Exercise goal -> Repeat every record exactly, but omit the images.

Data shown ->

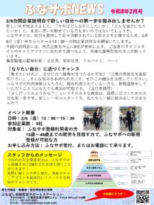 ふなサポNEWS2026年2月号 イベント・プログラム新着記事 2月のプログラム決定👹 【お知らせ】2月14日船橋大神宮朝市ボランティア参加者募集 【冬期休所のお知らせ❄️】 1/6初詣PGM今年も開催いたします! ブログ新着記事 【活動報告】仲間と共に、新たな一歩を。船橋大神宮へ初詣に行ってきました! JR千葉鉄道様清掃体験レポ 【PGM紹介】人前で話すコツ 【活動報告】ゲームで身に着けるコミュニケーションスキル Posts by funa_sapo
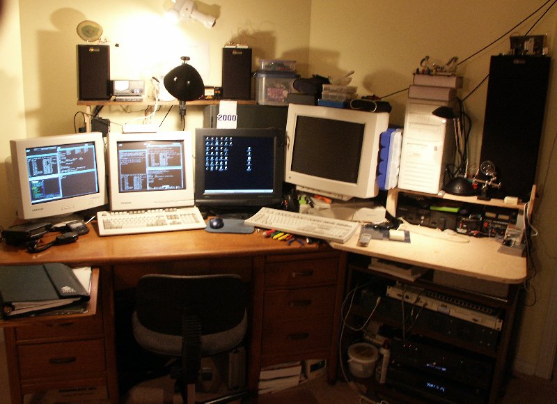 From Your Right to Left: [Front View] * Pentium 4 2.55GHZ with 512 Kb of cache: This is my Main workstation. 512MB of ram 18.2GB 10K Seagate SCSI hard drive - adaptec 29160 controller, Lite-On IDE cd burner. MSI Geforce4 64 MB AGP card, and second head runs on a ATI all in wonder 16MB PCI. This runs OpenBSD. Get the dmesg here. * Dual Pentium III 1000MHZ: This currently runs WindowsXP and OpenBSD. 512MB of ram, 40GB IDE HDD, Sony DVD player, Elite ATX case, GForce4 T1 4200 128MB of DDR video memory. * Pentium 333 Celeron: This is my Test Workstation. 256MB of ram, 13 GB IDE HDD. * SPARC Station 10: 50MHZ hyper SPARC, 32MB of ram, SCSI HDD. This currently runs OpenBSD. * 266MHZ Pentium II: 128MB of ram. This is currently my kernel hacking machine. * Sharp UV-30M: 866 Pentium M, 256MB of ram, 30 GB HDD, 802.11b. This currently runs OpenBSD and WindowsXP. * Dell 2400 server: 866MHZ, 384MB of ram, raid controller with three 18.2GB Hard Drives. This server runs OpenBSD. * 386 laptop: 2MB of ram, 60 MB HDD, broken power supply. This runs Free Dos. Other Gear that i own: * Cisco 2900 switch with 12 100Mbit Full Duplex Ethernet ports. * 17" NEC LCD monitor * Nuance speakers connected to a Technics Home Theater System. - sent by anonymous visitor
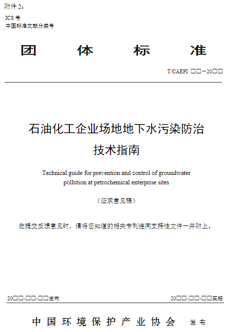 《關(guān)于征求中國環(huán)境保護(hù)產(chǎn)業(yè)協(xié)會(huì)標(biāo)準(zhǔn)<石油化工企業(yè)場地地下水污染防治技術(shù)指南>意見的函》
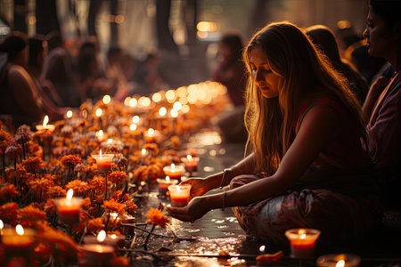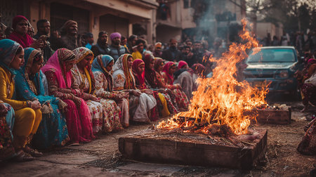 Bonfire with flowers and candles during Holika Dahan celebration in India, AI Generated
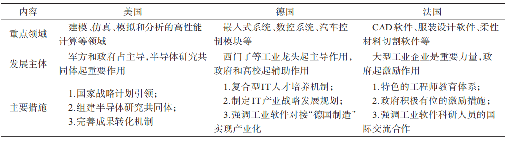 对美国、德国、法国工业软件发展经验借鉴中的重点领域、发展主体和主要措施进行整理,如表3所示。
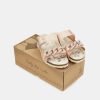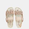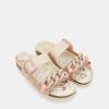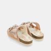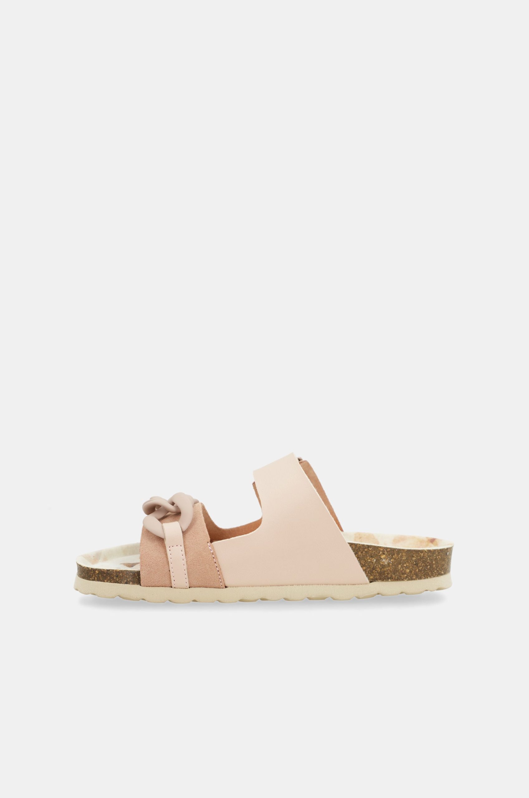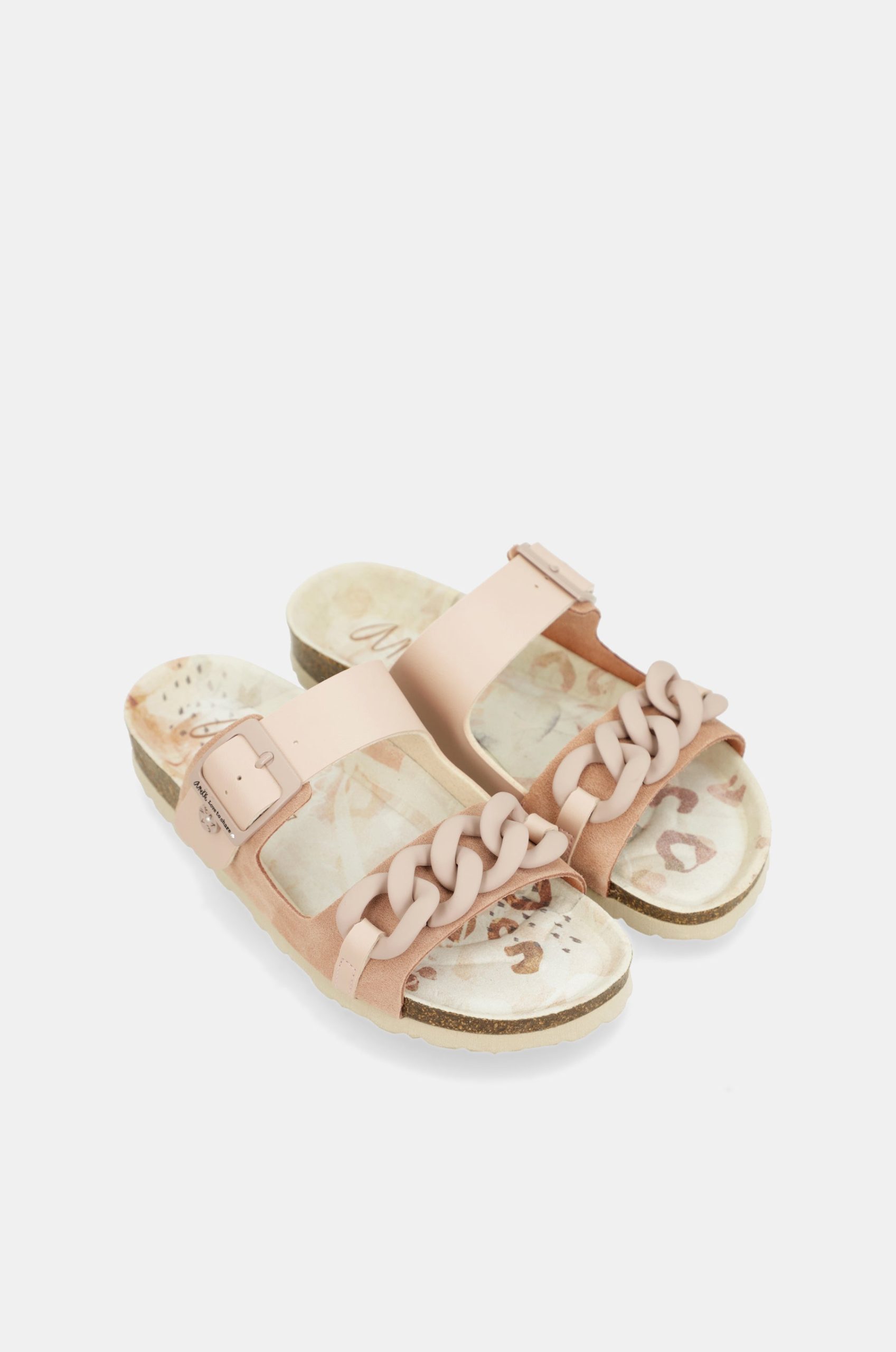 They feature a natural cork base combined with pink-toned material, along with an original printed sole. The customized buckle adjusts easily to different sizes.
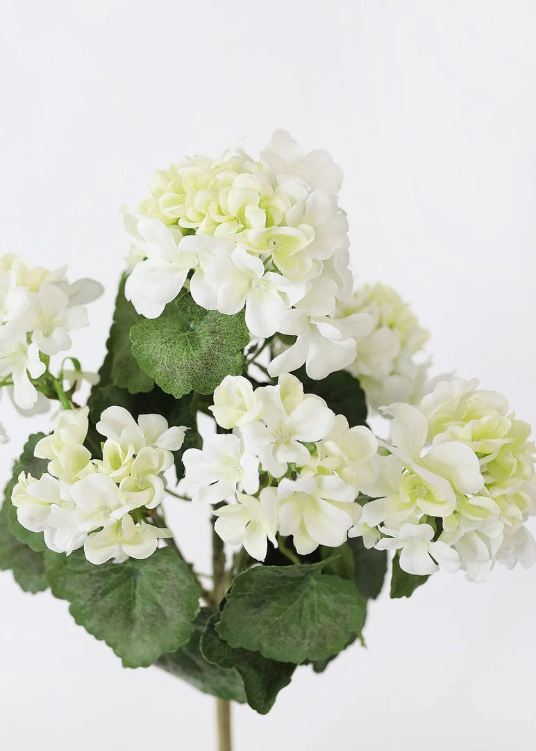 No matter if you are enjoying these white silk geranium flowers indoors or outdoors, they will bring the feeling of nature to your decor. Style this artificial geranium bush in a patio hanging basket or a porch planter to create an effortlessly beautiful design your guests will be stunned to discover is faux!
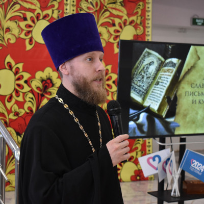 Так же отец Ярослав обратился к присутствующим по поводу наступающего праздника, Дня славянской письменности и культуры, приуроченного ко Дню памяти святых равноапостольных братьев Кирилла и Мефодия.
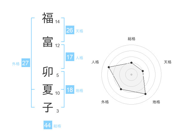 福富 卯夏子さんを姓名の画数から五運を鑑定
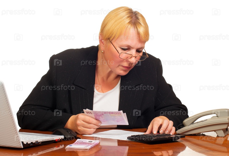 Взрослая бизнес-леди считает деньги

Exercise response ->
 ふなサポNEWS2026年2月号 イベント・プログラム新着記事 2月のプログラム決定👹 【お知らせ】2月14日船橋大神宮朝市ボランティア参加者募集 【冬期休所のお知らせ❄️】 1/6初詣PGM今年も開催いたします! ブログ新着記事 【活動報告】仲間と共に、新たな一歩を。船橋大神宮へ初詣に行ってきました! JR千葉鉄道様清掃体験レポ 【PGM紹介】人前で話すコツ 【活動報告】ゲームで身に着けるコミュニケーションスキル Posts by funa_sapo
 From Your Right to Left: [Front View] * Pentium 4 2.55GHZ with 512 Kb of cache: This is my Main workstation. 512MB of ram 18.2GB 10K Seagate SCSI hard drive - adaptec 29160 controller, Lite-On IDE cd burner. MSI Geforce4 64 MB AGP card, and second head runs on a ATI all in wonder 16MB PCI. This runs OpenBSD. Get the dmesg here. * Dual Pentium III 1000MHZ: This currently runs WindowsXP and OpenBSD. 512MB of ram, 40GB IDE HDD, Sony DVD player, Elite ATX case, GForce4 T1 4200 128MB of DDR video memory. * Pentium 333 Celeron: This is my Test Workstation. 256MB of ram, 13 GB IDE HDD. * SPARC Station 10: 50MHZ hyper SPARC, 32MB of ram, SCSI HDD. This currently runs OpenBSD. * 266MHZ Pentium II: 128MB of ram. This is currently my kernel hacking machine. * Sharp UV-30M: 866 Pentium M, 256MB of ram, 30 GB HDD, 802.11b. This currently runs OpenBSD and WindowsXP. * Dell 2400 server: 866MHZ, 384MB of ram, raid controller with three 18.2GB Hard Drives. This server runs OpenBSD. * 386 laptop: 2MB of ram, 60 MB HDD, broken power supply. This runs Free Dos. Other Gear that i own: * Cisco 2900 switch with 12 100Mbit Full Duplex Ethernet ports. * 17" NEC LCD monitor * Nuance speakers connected to a Technics Home Theater System. - sent by anonymous visitor
 《關(guān)于征求中國環(huán)境保護(hù)產(chǎn)業(yè)協(xié)會(huì)標(biāo)準(zhǔn)<石油化工企業(yè)場地地下水污染防治技術(shù)指南>意見的函》
 Bonfire with flowers and candles during Holika Dahan celebration in India, AI Generated
 对美国、德国、法国工业软件发展经验借鉴中的重点领域、发展主体和主要措施进行整理,如表3所示。
 They feature a natural cork base combined with pink-toned material, along with an original printed sole. The customized buckle adjusts easily to different sizes.
 No matter if you are enjoying these white silk geranium flowers indoors or outdoors, they will bring the feeling of nature to your decor. Style this artificial geranium bush in a patio hanging basket or a porch planter to create an effortlessly beautiful design your guests will be stunned to discover is faux!
 Так же отец Ярослав обратился к присутствующим по поводу наступающего праздника, Дня славянской письменности и культуры, приуроченного ко Дню памяти святых равноапостольных братьев Кирилла и Мефодия.
 福富 卯夏子さんを姓名の画数から五運を鑑定
 Взрослая бизнес-леди считает деньги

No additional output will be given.